The complexity inherent to the modular structure of the protein-protein interactions extraction task was well suited to validate or invalidate our main assumption stipulating that the overall results do not only depend on the performance of the modules involved in the process taken independently, but also strongly on the consistency of the relationships achieved between these modules. To validate this hypothesis, we attempted to analyze independently the influence of the accurate identification of the different evidences required in the whole process on the quality of the overall results. The observations made all along our experiments revealed that the performance obtained in extracting each evidences is strongly influenced by the success in extracting the others. Therefore, it tends to corroborate our hypothesis that all the subtasks of a process are interdependent. Indeed, once the protein mentions and the transitive verbs are identified, the initial set of proteins is filtered by dismissing the proteins that do not occur in any of the generated interaction patterns. This first selection influences the retrieval of the species because the choice of the possible species is based on the proteins that have been selected in the text. The selected species influences at its turn the normalization of the proteins and finally influences the generation of the interactions. Understanding this tight relationship made us conscious that each time an error is done at one-step, it influences all the steps downstream and finally reduces strongly the precision and recall of the generated interactions. In this regard, this chapter really revealed the importance of seeing the tasks as part of a strongly interconnected process rather than independently. Given the strong interconnection between the subtasks, it is very difficult to determine the real source of the errors. However, we can still have a broad idea by looking separately at every evidences extraction process. At the level of the detection of the transitive verbs, we noticed that many of these verbs lead to incorrect interactions.

Only a small percentage of the verbs such as “forms” or “modify” trigger only positive interactions.
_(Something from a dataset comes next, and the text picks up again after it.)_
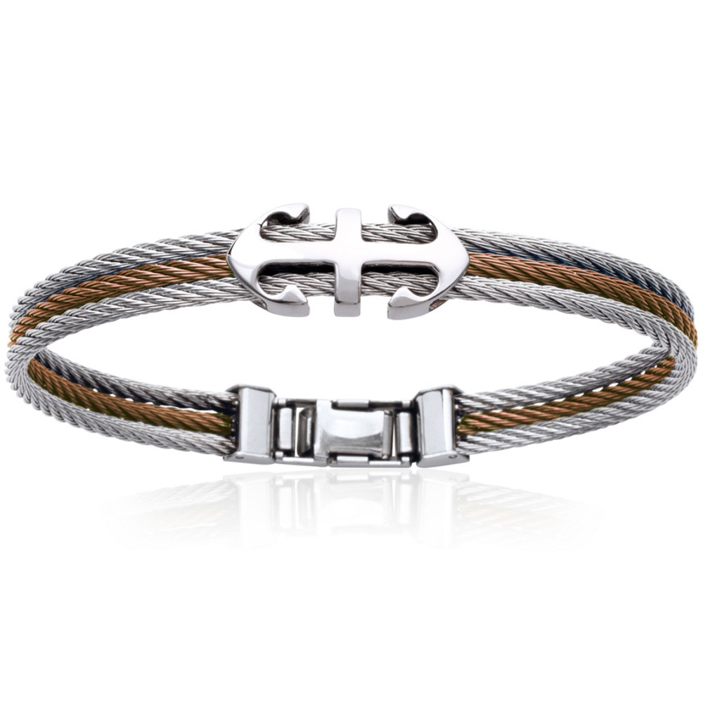 Description Bracelet jonc rigide ancres en acier. Cliquez sur une matière, un thème, une couleur ou une collection pour voir tous les articles associés.

Unfortunately, most of the others verbs have lead to the production of a large proportion of erroneous interactions (in the mean more than 80% of the produced interaction are incorrect).

Nevertheless, as we told, we do not know if it is due to the incorrect pattern or to the incorrect normalization. At the level of the species, we observed that by returning the most likely species, we only retrieve around 40% of them and give a correct answer 63% of the time. By taking more species in consideration, we increase the recall up to 73% but it sacrifices strongly the precision until 18%.

On the side of the proteins extraction method, we compared two methods, one consisting to search the proteins mention based on perfect match between the text and the reference lexicon, the other using fuzzy distance. We remarks that so many errors are involved earlier in the other steps of the process, that finally the use of a more efficient method to identify the proteins mentions didn’t make a big difference at the end.